Each of the eight Synergistic Processor Elements (SPEs) is a 128-bit RISC processor specialized for data-rich, compute-intensive SIMD applications.
The SPU deals with instruction control and execution. It includes a single register file with 128 registers (each one 128 bits wide), a unified (instructions and data) 256-KB local store (LS), an instruction-control unit, a load and store unit, two fixed-point units, a floating-point unit, and a channel-and-DMA interface. The SPU implements a new SIMD instruction set, the SPU Instruction Set Architecture, that is specific to the Broadband Processor Architecture.
Each SPU is an independent processor with its own program counter and is optimized to run SPE threads spawned by the PPE. The SPU fetches instructions from its own LS, and it loads and stores data from and to its own LS. With respect to accesses by its SPU, the LS is unprotected and un-translated storage. The MFC contains a DMA controller that supports DMA transfers. Programs running on the SPU, the PPE, or another SPU, use the MFC’s DMA transfers to move instructions and data between the SPU’s LS and main storage. (Main storage is the effective-address space that includes main memory, other SPEs’ LS, and memory-mapped registers such as memory-mapped I/O [MMIO] registers.) The MFC interfaces the SPU to the EIB, implements bus bandwidth-reservation features, and synchronizes operations between the SPU and all other processors in the system.

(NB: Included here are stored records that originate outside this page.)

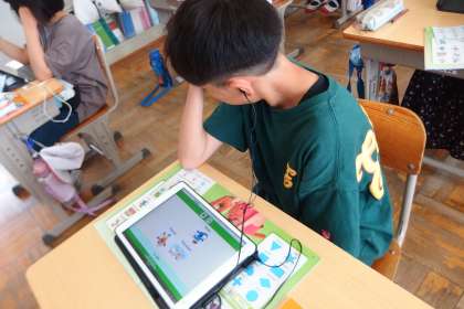 タブレット内のデジタル教科書を使って読みの練習をしています。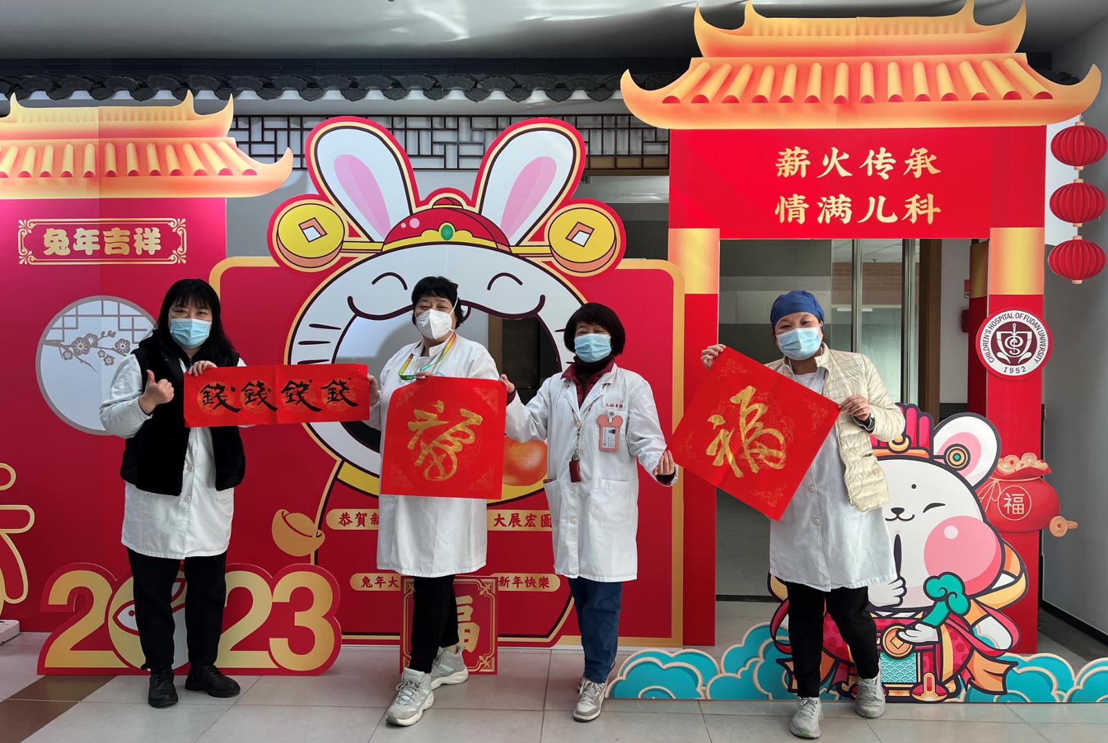 儿科医院工会同样邀请专业书法家,来自百草书画社的书法家为医院职工送上亲手书写的春联。原复旦大学常务副校长、复旦大学上海医学院院长桂永浩、儿科医院党委副书记、工会主席董岿然,儿科医院统战部马巍主任、临床免疫科主任、百草书画社社长王晓川以及历年在上海市医务职工书画比赛和儿科医院书画比赛中获奖职工等书法爱好者现场挥毫泼墨,以中国书法蕴含的文化之美抒发迎新春贺新年的喜悦之情。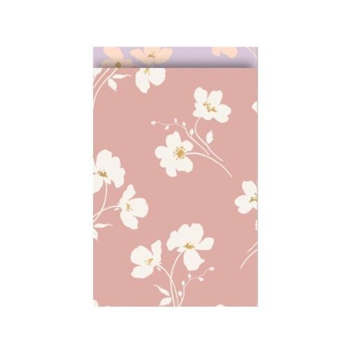 Voeg een vrolijke finishing touch toe aan elk cadeautje met dit dubbelzijdig bedrukte cadeauzakje. Aan de ene kant straalt een speels roze bloemenpatroon, terwijl de andere zijde een zachte lila tint met bijpassende bloemetjes laat zien. Perfect voor kleine presentjes, traktaties of bedankjes.

To support DMA transfers, the MFC maintains and processes queues of DMA commands. After a DMA command has been queued to the MFC, the SPU can continue to execute instructions while the MFC processes the DMA command autonomously and asynchronously. The MFC also can autonomously execute a sequence of DMA transfers, such as scatter-gather lists, in response to a DMA-list command. This autonomous execution of MFC DMA commands and SPU instructions allows DMA transfers to be conveniently scheduled to hide memory latency.
Each DMA transfer can be up to 16 KB in size. However, only the MFC’s associated SPU can issue DMA-list commands. These can represent up to 2,048 DMA transfers, each one up to 16 KB in size. DMA transfers are coherent with respect to main storage. Virtual-memory address-translation information is provided to each MFC by the operating system running on the PPE. Attributes of system storage (address translation and protection) are governed by the page and segment tables of the PowerPC Architecture. Although privileged software on the PPE can map LS addresses and certain MFC resources to the main-storage address space, enabling the PPE or other SPUs in the system to access these resources, this aliased memory is not coherent in the system.
The SPEs provide a deterministic operating environment. They do not have caches, so cache misses are not a factor in their performance. Pipeline-scheduling rules are simple, so it is easy to statically determine the performance of code. Although the LS is shared between DMA read and write operations, load and store operations, and instruction prefetch, DMA operations are accumulated and can only access the LS for at most one of every eight cycles. Instruction prefetch delivers at least 17 instructions sequentially from the branch target. Thus, the impact of DMA operations on loads and stores and program-execution times is, by design, limited.